DTW (Digital Transformation World)
SK Telecom, Deutsche Telekom, e& Group, Singtel and Softbank spell out their business vision for telco-specific LLMs.
DTW24-Ignite: Global Telecom AI Alliance lays out vision for telco LLMs
The five telcos behind the Global Telecom AI Alliance (GTAA) – SK Telecom, Deutsche Telekom, e& Group, Singtel and Softbank – took the stage with their hyperscaler partners at DTW24-Ignite to spell out their business vision for telco-specific LLMs.
The GTAA members want to use LLMs to identify and solve telco-specific business issues using local languages, as well as industry-specific terms and their own internal business jargon –none of which can be done quickly or easily with generic LLMs.
“Simply adding engineering prompts with a generic AI LLM … it’s pretty painful.
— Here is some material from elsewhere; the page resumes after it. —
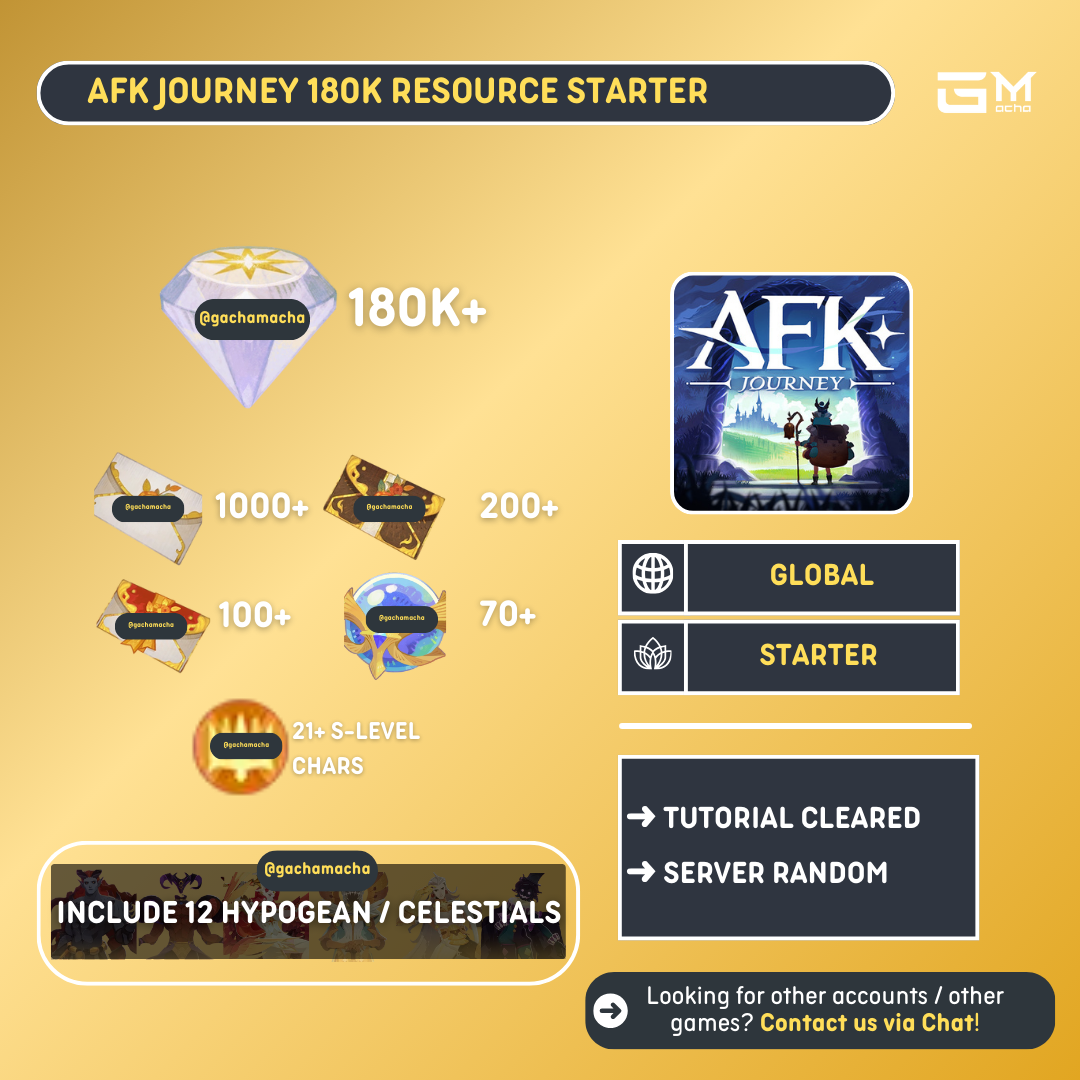 Global | AFK Journey Starter | 180k Diamonds + Other Resources | GL-AFKJ-XQ180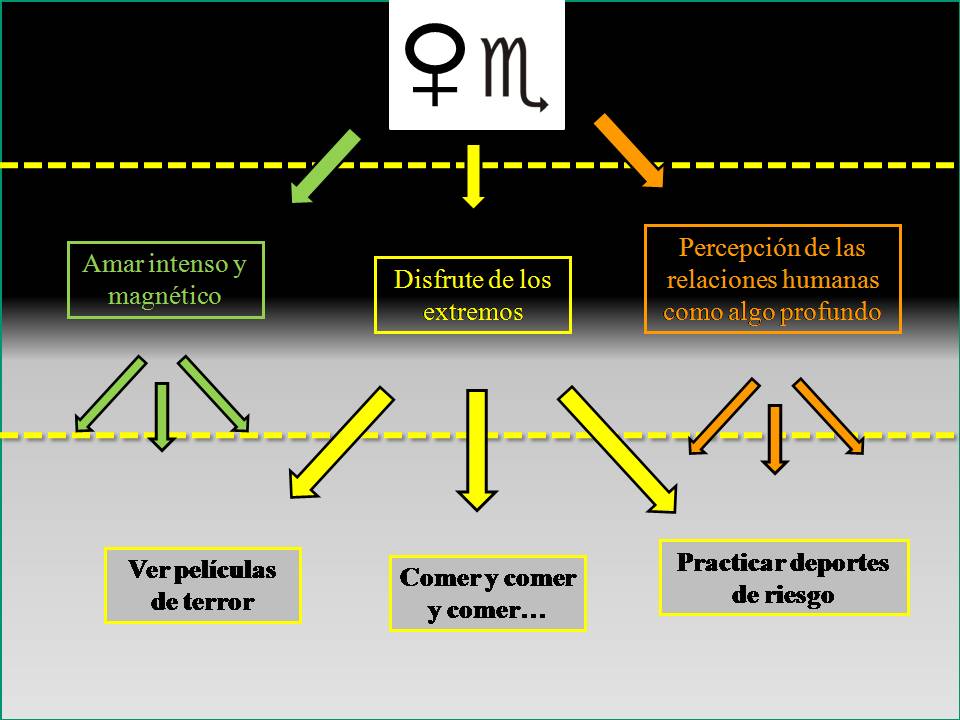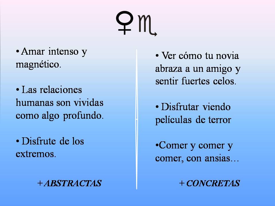Veamos esto con un ejemplo. Imaginemos Venus en Escorpio. Estamos utilizando un lenguaje muy abstracto, superabstracto. Todos nosotros, los que llevamos años en esto, tenemos sensaciones, intuiciones e incluso tendremos flashes de lo que pueda significar. En una primera aproximación podría bajar el nivel de abstracción hasta decir cosas como “Amor intenso y magnético”, “Disfrute de los extremos”, “Percepción de las relaciones humanas como algo profundas”. Para sintetizar quedémonos sólo con “Disfrute de los extremos”, Esto se podría manifestar de formas diferentes. Podría hacer al nativo con Venus en Escorpio alguien que le gustara ver Películas de Terror, o bien alguien que comiera con ansias, con gula con prisas, o bien sería alguien bastante promiscuo que tendría sexo con varias parejas en una sola noche.

It requires a lot of tuning to get to consistent outcomes and accurate results, and especially with very complex use cases,” said William Woo, Group Chief Information Officer / Chief Digital Officer, Singtel.
Singtel finds that “a customized telco LLM definitely outperforms a general LLM for telco-related tasks,” according to Woo.
Another aim of the alliance is to ensure that communications service providers (CSPs) benefit from future AI business models built using telco data.
“We have talked [in the past] about the hyperscaler and the … destructive role they have played in telco infra,” said Harrison Lung, Group Chief Strategy Officer, e&.“In the world of AI, how do we ensure that the telcos have not just a seat at the table, but true ownership of the value pool that will be generated from it? We felt it was best to collaborate in building this telco LLM [in which] we each have our unique data set and assets.”
The GTAA’s founders announced at the event a joint venture agreement to co-develop and launch a multilingual Telco Large Language Model, which will work for Korean, English, German, Arabic, and Bahasa among other languages. Together they will make equal investments in the initial working capital required to develop it.
The JV will look at deploying innovative AI applications tailored to the needs of the founding parties in their respective markets, which cover a global customer base of approximately 1.3 billion across 50 countries.
Customer care has been one of the first areas where telcos have used GenAI and is an initial focus for GTAA members.
“An industry-specific LLM equipped with comprehensive understanding of our diverse product range will help us present a personalized offer that aligns with the preferences of our customers,” said Singtel’s Woo.
But the CSPs are also setting their sights further.
For example, e& is examining how to “embed AI in all of our existing businesses and business models,” according to Lung.
“We are a telecom company; we’re also a technology company. How do you overlay these AI capabilities in those assets so that you have [for example] a better recommendation engine for the Netflix equivalent that we run?” Lung added. "How do you embed AI into Careem, which is a local super app … so the next time you open it, it is super tailored and customer to you.”
SK Telecom, meanwhile, believes the personalization of services enabled by GenAI will drive the development of third-party ecosystems, which then will feed into AI data center ambitions. (SKT is working on LLMs with Anthropic and invested $100 million in the startup last year).
“We expect to provide users with their more expensive, personalized experience while simultaneously increasing the impact within the … ecosystem by having various third parties join,” explained SG Chung, Chief AI Global Officer, SK Telecom. “On the enterprise side, we are expanding our infra business with AI data centers. We believe the significant number of end users passing through our … platform will drive demand for our AI data center infrastructure.”
Chung added: “SK Telecom is actively clustering the synergy between these two business areas. So, I’d like to emphasize that we can generate revenue through AI data center itself, and also SK Telecom [can run their] … AI businesses more efficiently by reducing operational cost.”
Other telco-specific uses for GenAI include improving employee productivity, field operations and network operations.
Referring to TM Forum’s autonomous network levels, Sameer Vuyyuru, Director Global Business Development for Telecom, AWS, said: “We think generative AI can get us to Level 4 automation two to three years sooner … than using traditional ML [machine learning] methods. And so, we’re heavily focused on improving network operations and field operations.
In the meantime, AWS is working with BT to provide coding assistance to approximately 1,200 network engineers.
“So far, we’ve automated about 12% of the tedious, non-value-added tasks … and written over 100,000 [lines of] code in the first four months,” said Vuyyuru.
AWS foresees the industry developing domain-specific, language-specific and task-specific LLMs.
“The future is going to be model-to-model interaction as much as possible,” Vuyyuru said. “So, you’re going to have a model for network operations talking to customer operations. That is where we’re headed.”
And it’s not just telcos that are investing in tailored LLMs.
“We’re probably working with about 20 different sovereign governments right now to build specific LLMs for that country or region,” said Vuyyuru.
Both Microsoft and Google, which took part in the presentation, are looking forward to further telco GenAI development.
“As an industry, we still are only scratching the surface of what’s possible over here,” said Ankur Jain, VP Telecom, Distributed Cloud, Google Cloud.